10. The Cost Is Steep
Depending on the clinic, you’re looking at a price tag of $8,000 to $10,000, plus $100 to $400 per year for a storage fee, says Anderson. Unfortunately, many insurance policies don’t cover the fees—unless you’re a lucky desk jockey at Facebook, Google, or another company that fully pays for the procedure.

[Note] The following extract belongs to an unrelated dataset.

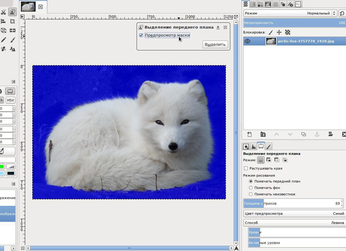 Собственно экзекуция мохнатости готова, теперь осталось нажать "предпросмотр маски", это прямо над изображением, если кто не заметил и ждать. По результату видно, что синь подкралась к мохнатости вплотную. Это песец, я вам скажу.

11. Not Everyone Thinks It’s a Great Idea
For women who know they want a family one day, egg freezing can be a way to postpone baby-making until your life is more in sync with motherhood. But that’s not the way everyone sees it. In 2012, the American Society for Reproductive Medicine (ASRM) removed the “experimental” label that had been attached to the procedure and endorsed it—but only for women undergoing chemotherapy or dealing with another fertility-threatening illness or treatment. The ASRM still does not advocate egg freezing for women who are otherwise healthy, because not enough data has been collected to determine potential health risks. The American College of Obstetrics and Gynecology also warns that not enough research has explored whether developmental issues of kids born via egg freezing are caused by the egg-freezing procedure itself.